Profiling Composable Distributed Training

Composable distributed training (especially at scale) can make profiling resource utilization both more important and challenging. To address this need, FTS includes a utility that enables quick, flexible orchestration of advanced profiling combining multiple complementary PyTorch profilers.

The MemProfiler is a powerful memory profiling utility that synthesizes numerous complementary profiling methods.
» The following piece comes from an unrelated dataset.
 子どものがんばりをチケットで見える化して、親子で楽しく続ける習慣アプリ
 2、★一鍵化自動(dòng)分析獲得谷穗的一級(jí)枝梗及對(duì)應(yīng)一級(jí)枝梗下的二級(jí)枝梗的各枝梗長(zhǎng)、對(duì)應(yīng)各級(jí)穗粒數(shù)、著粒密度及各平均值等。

As demonstrated in this example, the following profiling utilities are integrated and simultaneously configured:

The PyTorch Profiler (as well as an extended version), can also be simultaneously configured to provide a remarkably complete view of distributed training resource utilization.

Note

While this example focuses on composable distributed training, MemProfiler can be used with any type of training session.

Profiling Artifacts

This example uses the following simple profiling configuration to enable extensive profiling of the default method (‘training_step’) using a default schedule (warmup 1 iteration, collect for 1 iteration) and produces the profiling artifacts below.
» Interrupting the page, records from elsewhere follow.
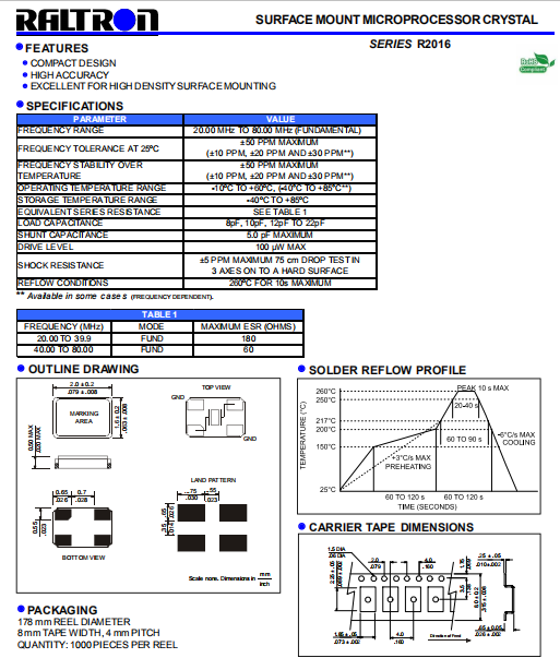 RALTRON晶振,R2016晶振,低功耗石英晶體.小型貼片石英晶振,外觀尺寸具有薄型表面貼片型石英晶體諧振器,特別適用于有小型化要求的市場領域,比如智能手機,無線藍牙,平板電腦等電子數碼產品.晶振本身超小型,薄型,重量輕,晶體具有優良的耐環境特性,如耐熱性,耐沖擊性,在辦公自動化,家電相關電器領域及Bluetooth,WirelessLAN等短距離無線通信領域可發揮優良的電氣特性,滿足無鉛焊接的回流溫度曲線要求.
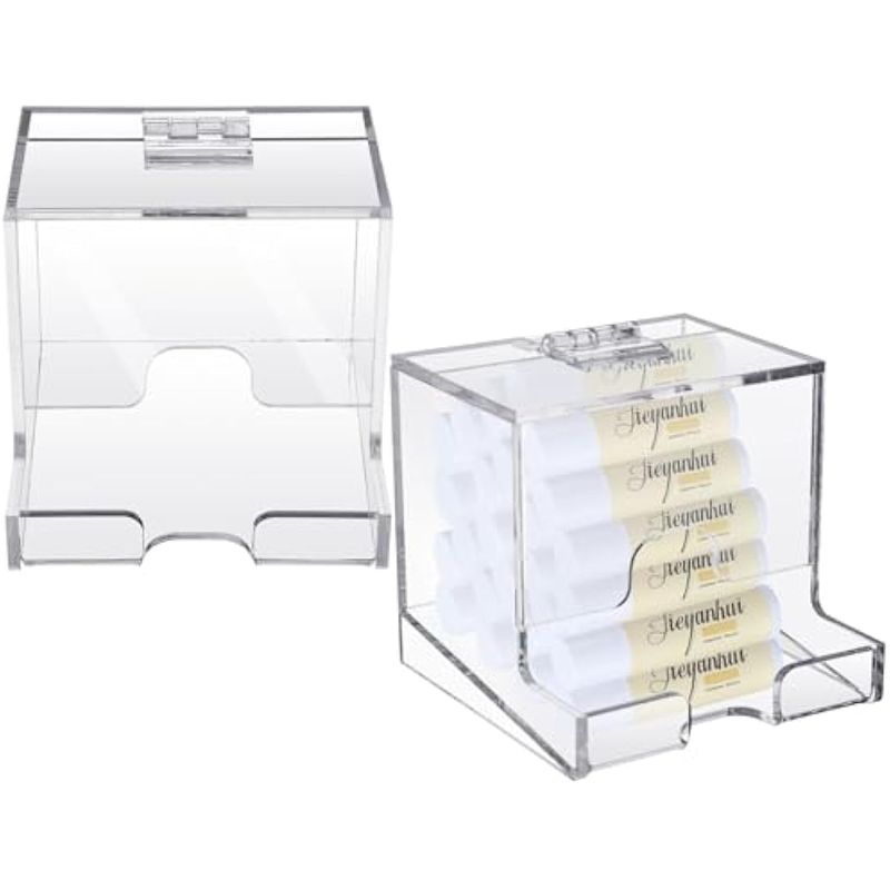 Wenqik Paquete de 2 dispensadores de bálsamo labial acrílico transparente con tapa con bisagras,
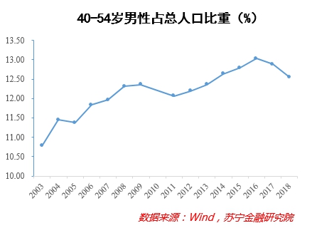 归根结底,消费市场的兴旺源自收入的增加。根据西南证券的研究报告,男人的黄金年龄是40 岁,进入该阶段的男性,无论是财富还是社会地位都有了积累,其消费能力和消费档次也远远高于其他年龄段男性,而国内40~54岁的中年男性人口占比也在逐步提升,这也助长了“他经济”的崛起势头。

For this model_parallel example, all artifacts should be nested in the tensorboard log dir under fts_examples/ model_parallel / lightning_logs / fts_fsdp_profiling / version_{n}.

  1. FSDP2MemTracker tracking for the collected iteration (per-rank), e.g.: ./memprofiler/fsdp_mem_rank_0_training_step_2.log

  2. Consolidated memory snapshot collection entries, dumped to .yaml by default (can also be dumped to *.pickle if preferred).

    • Snapshot entries are provided for each profiled method, ‘start’ and ‘end’ of each iteration for each of the enabled memory tracking types.

    • By default, keys associated with ‘cuda’, ‘cpu’ (host-memory), and custom memory hooks are included.

    • The custom hooks are saved_tensors_hooks in this case, tracking non-parameter packed bytes which is a useful proxy for memory associated with activations: ./memprofiler/rank_1_memory_stats.yaml

  3. Cuda allocator history tracking, start and end of the collected iteration (per-rank), e.g.: ./memprofiler/cuda_alloc_rank_0.training_step.2.end.pickle

  4. PyTorch Profiler (extended version), according to the separately provided PyTorch Profiler configuration, e.g.:

    • ./fit-fts_extended_pytorch_profiler-0[Strategy]ModelParallelStrategy.training_step.{epoch time}.pt.trace.json

    • ./fit-fts_extended_pytorch_profiler-0.txt

Configuration

trainer.profiler: pytorch_profiler.yaml  # enable normal PyTorch Profiler configuration
# we enable MemProfiler collection for default functions ('training_step') and schedule
# note any method decorated with @MemProfiler.memprofilable can be specified for collection
memprofiler_cfg:
    enabled: true
    cuda_allocator_history: true  # enable cuda memory snapshot/allocator history tracking
    track_fsdp_mem: true  # enable FSDP2MemTracker tracking
    fsdp_mem_track_module_depth: 3  # collect up to 3 levels of nested FSDP modules
    fsdp_mem_tracker_tabulate: true  # display FSDP2MemTracker stats in a table
    fsdp_mem_tracker_root_module: 'model'  # the root FSDP module for FSDP2MemTracker to track

Tip

For more advanced usage examples (e.g. non-default schedules, custom collection functions, etc.), see the commented configuration options in fts_examples/model_parallel/config/profiling/memprofiler_demo.yaml.

Reviewing the Results

Running the example with the following command, we can explore the detailed resource utilization characterization we now have available!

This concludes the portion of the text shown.